Specializes in Med-Surg /Cardiac Step-Down/CICU/CTICU.

just being acls recertified...survey says...its always epi 1st...then spent some time with my educator last week going through the acls pretest...rhythms....always epi 1st...i once too thought atropine (in that particular situation) but it is epi all the way first and then you can give other meds. i'm sure that you could give the atropine but if the epi didn't work i doubt the atropine would...remember atropine is a weight based drug, and although we commonly give it...we are max'd at 3 doses for a reason. epi has no max...you can give as much as you want...well until they call it. as a acls certifed nurse, i think you would be held accountable if you did deviate away from the algorithm, if it was ever questioned or investigated. hope it helps...and correct me if i am mistaken.

side note: remember epinephrine is a vasoconstrictor and positive inotrope. increasing BP/HR

atropine-muscarinic antagonist...affects HR, little effect on BP.

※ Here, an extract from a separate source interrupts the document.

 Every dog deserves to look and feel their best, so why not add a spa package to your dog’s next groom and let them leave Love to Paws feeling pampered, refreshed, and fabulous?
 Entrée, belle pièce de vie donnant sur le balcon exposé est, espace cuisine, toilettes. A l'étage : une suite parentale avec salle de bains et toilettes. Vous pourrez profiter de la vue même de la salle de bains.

Specializes in Nurse Anesthesiology.

ACLS - Epi first, but that hypothetical just sounds like the person vasovagaled and the antimuscarinic effect stopped the vagal response.

As a CCRN/P-EMT, working in cardiac cath labs and I saw my patient brady down to asys. It would be epi first, chest compressions, then the atropine. Epinephrine circulates to receptor sites in the myocardium and directly stimulates these receptors to restore or increase heart rate. Just remember you will never go wrong following the algorythyms of ACLS.

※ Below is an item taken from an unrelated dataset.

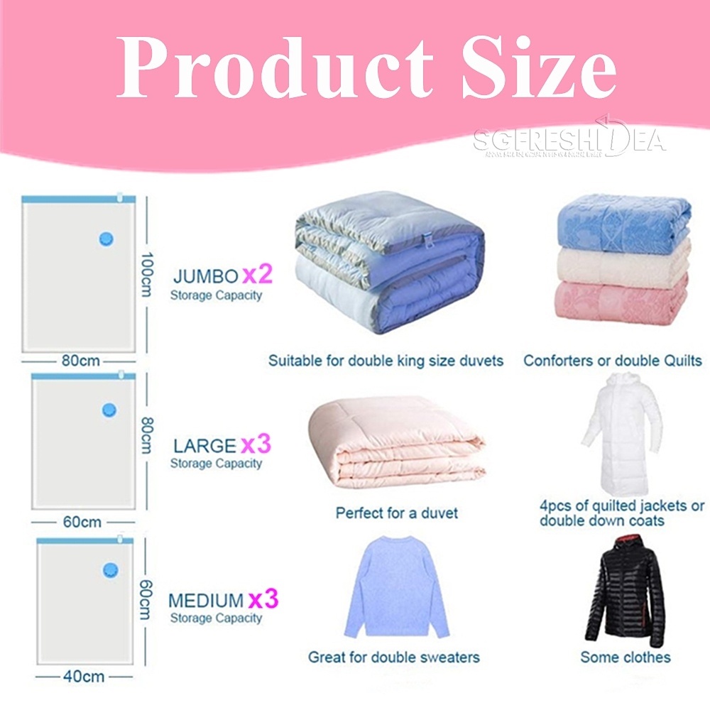 Appearance:good Performance:good Quality:good Packed individually and i’m loving it! Stoked to sort out my blankets and clothings to fit in to my cabinet. The quality is an A+ which is thick that comes with a pin for sealing. Great buy and highly recommended! ??????

Just to add a twist, if this was a heart transplant patient which of your ACLS drugs won't work in most cases? Hint: the heart has lost vagus nerve innervation so it will not respond to this drug.

Specializes in CVICU.

Then skip atropine and pace em if its symptomatic bradycardia. But as I think about it, wouldnt all heart transplants need a pacemaker? I've never dealt with that patient population but I'd think you would live in a permanent 3rd degree block otherwise.

Specializes in CVICU, ED.

No, heart transplant patients do not need a pacemaker. Had a patient a couple of months ago that had had a heart transplant 1-2 (??) years prior. The patient had more than one p wave for each QRS. Turns out that his heart was still sending signals from what was left of his SA node as well as from his transplant's SA node. His signals didnt generate a QRS, only the transplant so his rate was WNL.

Specializes in multispecialty ICU, SICU including CV.

I think in an emergency, if you think you have a differential that supports atropine, you can give it first. I have done this on a few occasions and averted a full arrest situation and have not needed epi. Is this on the algorithm? Probably not. Did it work and did the doc sign off on what I gave? Yes. I think worst case scenario, you give the epi 60 seconds later.

I would not do this if I had not witnessed a bradycardic event, knew the patient, and had a strong suspicion of what the problem was (all 3 of them.) I would never walk into a room with a bradycardic patient that was down and not go by protocol.

Specializes in Critical Care.

Just to throw a bit of a monkey wrench in your scenario, what you see as asystole could possibly be fine Vfib...in which case you'd need to go with epi first anyway. But with the scenario you presented, epi first would be recommended. If it's just a brady without further advancement, then atropine.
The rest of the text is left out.